About this task: Everything from the line with "the private terrace." to the line with "готовятся к зиме." in the listing below, both lines included, needs to be copied exactly, apart from the pictures.

Given records:
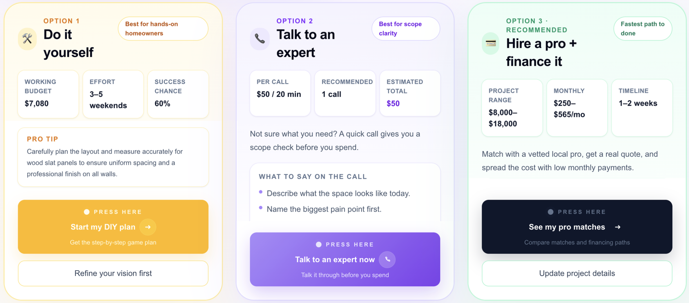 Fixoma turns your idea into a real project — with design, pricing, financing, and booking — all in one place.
...
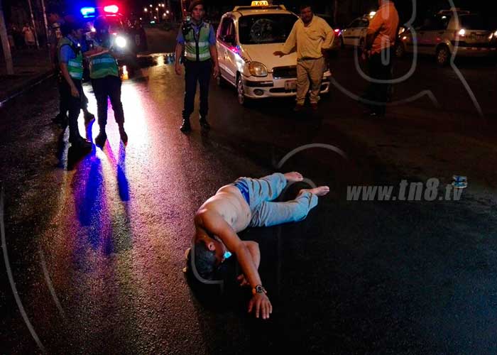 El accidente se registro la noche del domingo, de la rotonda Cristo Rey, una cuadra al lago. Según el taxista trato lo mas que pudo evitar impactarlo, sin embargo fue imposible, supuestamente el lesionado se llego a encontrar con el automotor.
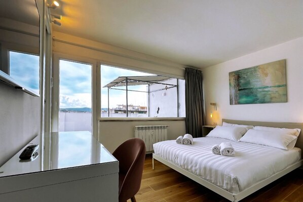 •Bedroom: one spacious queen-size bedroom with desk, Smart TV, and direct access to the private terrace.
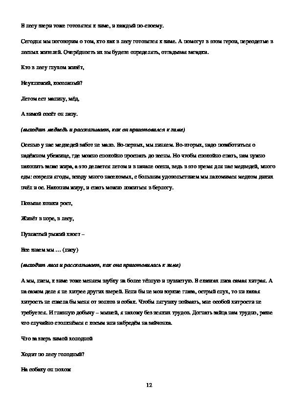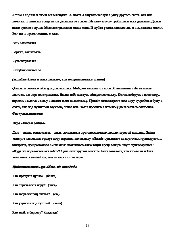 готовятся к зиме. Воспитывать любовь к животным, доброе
---
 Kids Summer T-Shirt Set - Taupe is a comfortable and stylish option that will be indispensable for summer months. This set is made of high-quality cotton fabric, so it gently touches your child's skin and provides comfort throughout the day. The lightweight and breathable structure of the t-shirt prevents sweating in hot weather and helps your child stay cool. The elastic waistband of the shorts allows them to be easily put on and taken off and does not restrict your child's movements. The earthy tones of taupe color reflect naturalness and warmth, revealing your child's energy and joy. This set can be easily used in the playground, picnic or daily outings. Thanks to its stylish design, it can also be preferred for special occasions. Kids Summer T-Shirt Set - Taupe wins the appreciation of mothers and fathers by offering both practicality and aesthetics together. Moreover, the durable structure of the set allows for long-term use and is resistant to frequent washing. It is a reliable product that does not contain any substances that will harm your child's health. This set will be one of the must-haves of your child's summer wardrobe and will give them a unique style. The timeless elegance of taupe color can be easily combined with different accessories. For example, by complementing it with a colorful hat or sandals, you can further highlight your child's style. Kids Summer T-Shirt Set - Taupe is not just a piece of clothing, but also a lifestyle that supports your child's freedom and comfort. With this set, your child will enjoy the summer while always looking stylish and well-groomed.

Solution:
 •Bedroom: one spacious queen-size bedroom with desk, Smart TV, and direct access to the private terrace.
 готовятся к зиме. Воспитывать любовь к животным, доброе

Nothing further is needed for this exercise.